No documento, Tereza também detalha a própria relação com Igor. Ela afirma que manteve relacionamento afetivo com Leopoldo, pai do advogado, morto em um acidente automobilístico em 2007. Depois da morte, Igor, então com cerca de 15 anos, passou a morar com Tereza e os filhos dela.

A notificação não informa por quanto tempo os dois viveram na mesma residência.  No texto, Tereza afirma que Igor “tem um irmão na Polícia Militar, um primo na Polícia Civil e uma prima na Polícia Penal”. A informação aparece no trecho em que Tereza contesta a associação de seu nome às condições de custódia de Igor. Segundo ela, a referência aos demais familiares busca mostrar que o advogado possui outros vínculos no Estado e não deve haver presunção de influência ou responsabilidade de qualquer deles.

“A referência a tais vínculos não é realizada para atribuir a esses familiares qualquer participação, influência ou responsabilidade”, afirma a notificação.

Tereza Cristina Ibiapina da Rocha Araújo é citada na reportagem em razão do vínculo familiar com o investigado. Foto: Divulgação Caato

Tereza sustenta que parentesco ou relação pessoal, por si só, não comprovam interferência na administração pública. No mesmo documento, ela afirma que não exerce função na Secretaria de Estado da Cidadania e Justiça (Seciju), não administra unidade prisional e não praticou ato de intermediação para obter tratamento diferenciado para Igor.

A revelação ocorre no momento em que as condições de custódia do advogado são questionadas. A Folha do Girassol publicou nesta sexta-feira que fontes apontam tratamento diferenciado a Igor no sistema prisional e procurou a Seciju para esclarecer os critérios adotados.

Trecho da notificação extrajudicial enviada à editora-chefe da Folha do Girassol, jornalista Marcia Alves

Na própria notificação, Tereza afirma considerar legítima a apuração sobre eventual tratamento diferenciado, mas defende que a investigação identifique quem definiu a forma de custódia, em qual espaço Igor está preso e qual fundamento legal ou administrativo justificou eventual separação dos demais detentos.

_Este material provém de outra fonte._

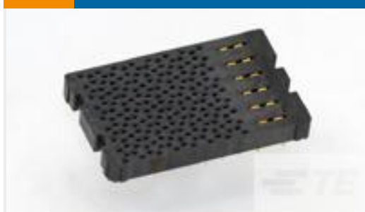
TE 产品编号 5-2057461-1 STRADA MESA,RC,ST,056,000,06,SN, N,NA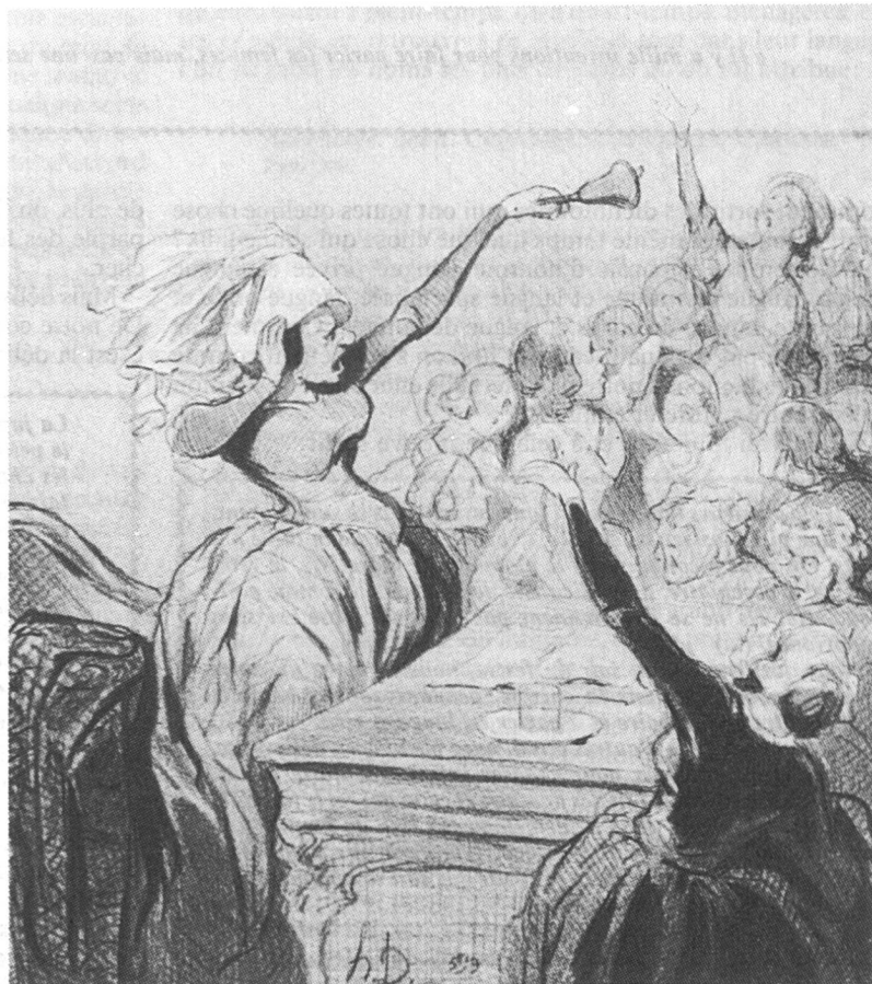
« Les intellectuelles ». Gravure Honoré Daumier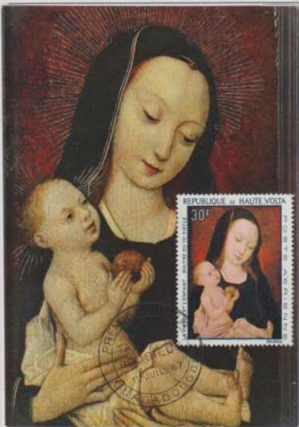
LA VERGINE E IL BAMBINO- Dipinto, opera dei maestri detti " DELLA LEGGENDA DI MARIA MADALENA " XV° Sec.-Museo de Louvre-Parigi.

EMISSIONE- 01/07/1967 Alto Volta. OBLITERAZIONE- Ouagadougou Primo giorno Ediz- Abbaye d'Encalcat. (F)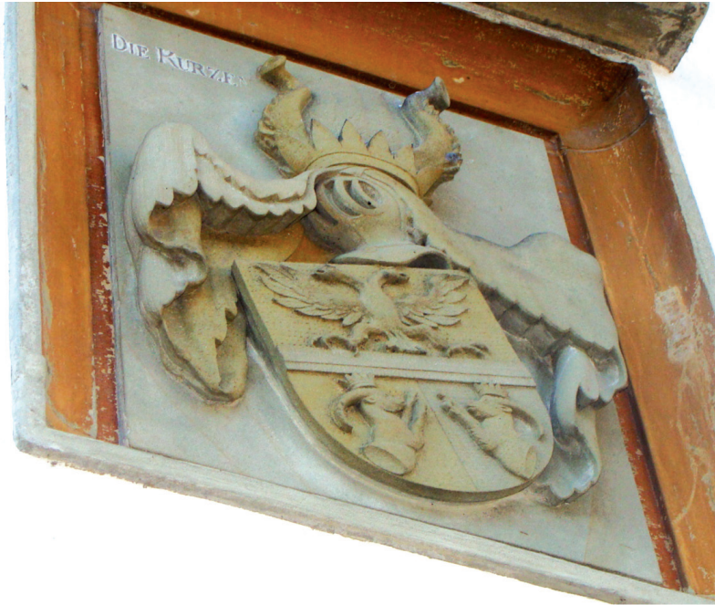
Ill. 1. Armoiries des Kurtz au-dessus de la porte d'entrée du château de Senftenau (Lindau, Lac de Constance)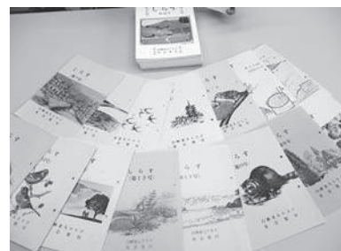
これまでに発刊された全40号

最後に、地域のみなさんのお考えや想いは多種多様で、その時々出来事が文章に託されて後々になって振り返り「しらす」を読んだ時に懐かしく思えて走馬灯のごとくよみがえりしのがことができ、大変に意味深いものと思えます。また、今後もなお一層この和東町のローカル性豊かな特色を活かして人々の想いが後世に受け継がれますことを祈念します。

Igor foi preso preventivamente nesta quinta-feira (6), sob suspeita de envolvimento na morte do filho, Gustavo Veloso Feitosa, de 3 anos, em Palmas.

Confira a reportagem no link abaixo:

https://folhadogirassol.com.br/2026/08/07/advogado-preso-pela-morte-do-filho-de-3-anos-em-palmas-esta-tendo-tratamento-diferenciado-dizem-fontes/

Entenda o caso

Gustavo Veloso Feitosa, morreu no último domingo (2), em Palmas. Inicialmente, o pai da criança, o advogado Igor Veloso, informou à Polícia Civil que o filho havia se afogado na piscina da residência. No entanto, a perícia apontou lesões incompatíveis com a versão apresentada, e a investigação passou a tratar o caso como suspeita de homicídio qualificado e tortura. Gustavo apresentava múltiplas lesões pelo corpo, incluindo ferimentos na cabeça e lacerações na região anal e no intestino.

Com o avanço das investigações, Igor e a madrasta do menino, Kathellen Moreira, tiveram as prisões preventivas decretadas. Segundo a Polícia Civil, novos laudos ainda serão concluídos e poderão alterar o enquadramento jurídico do caso.

Nesta sexta-feira (7), a Secretaria de Estado da Cidadania e Justiça (Seciju) informou que Igor está custodiado em espaço separado dos demais detentos por critérios de segurança previstos na legislação e negou que ele receba qualquer tipo de privilégio no sistema prisional.